── DATA BLOCK ──

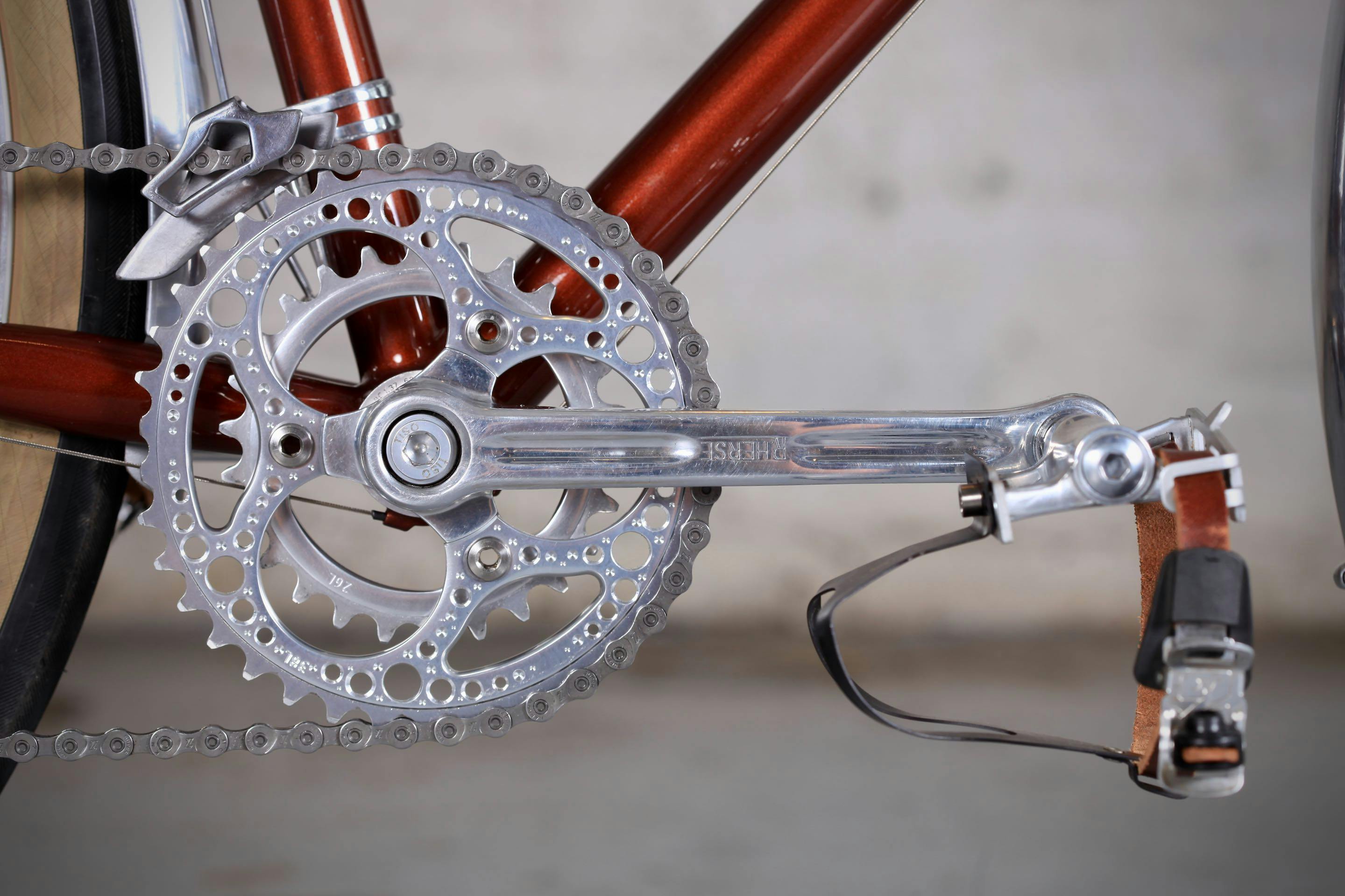 Le pédalier est un René Herse moderne passé à la perceuse par Christophe pour l'alléger et rappeler le pédalier du Motobécane de Luis Ocana.
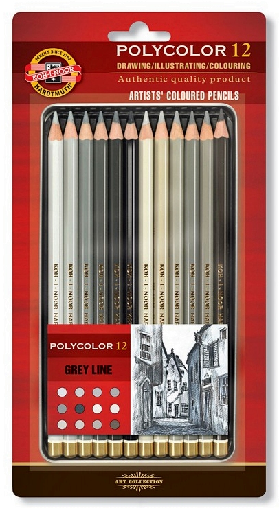 KREDKI OŁÓWKOWE POLYCOLOR 3822 12KOL. SZAROŚĆ LINI
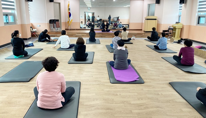 À̹ø ¿ä°¡±³½ÇÀº ÇÕõÀ¾ ¿©¼ºµéÀÇ °Ç°°ú °ÇÀüÇÑ ¿©°¡ Ȱµ¿ ¹× ¹®ÈÀû ¿ª·® °È¸¦ À§ÇØ ¸¶·ÃµÆ´Ù. 4¿ùºÎÅÍ ¿À´Â 12¿ù±îÁö ¸ÅÁÖ 2ȸ(È,¸ñ) ¿ÀÀü 9½Ã 30ºÐºÎÅÍ 10½Ã 30ºÐ±îÁö ÇÕõº¹ÇÕ¹®È¼¾ÅÍ 2Ãþ¿¡¼ ¿î¿µµÉ °èȹÀÌ´Ù.

───

WHAT IS NEEDED:
Once the pictures are set aside, give the listing again word for word.

SOLUTION TO THIS TASK:
 Le pédalier est un René Herse moderne passé à la perceuse par Christophe pour l'alléger et rappeler le pédalier du Motobécane de Luis Ocana.
 KREDKI OŁÓWKOWE POLYCOLOR 3822 12KOL. SZAROŚĆ LINI
 À̹ø ¿ä°¡±³½ÇÀº ÇÕõÀ¾ ¿©¼ºµéÀÇ °Ç°°ú °ÇÀüÇÑ ¿©°¡ Ȱµ¿ ¹× ¹®ÈÀû ¿ª·® °È¸¦ À§ÇØ ¸¶·ÃµÆ´Ù. 4¿ùºÎÅÍ ¿À´Â 12¿ù±îÁö ¸ÅÁÖ 2ȸ(È,¸ñ) ¿ÀÀü 9½Ã 30ºÐºÎÅÍ 10½Ã 30ºÐ±îÁö ÇÕõº¹ÇÕ¹®È¼¾ÅÍ 2Ãþ¿¡¼ ¿î¿µµÉ °èȹÀÌ´Ù.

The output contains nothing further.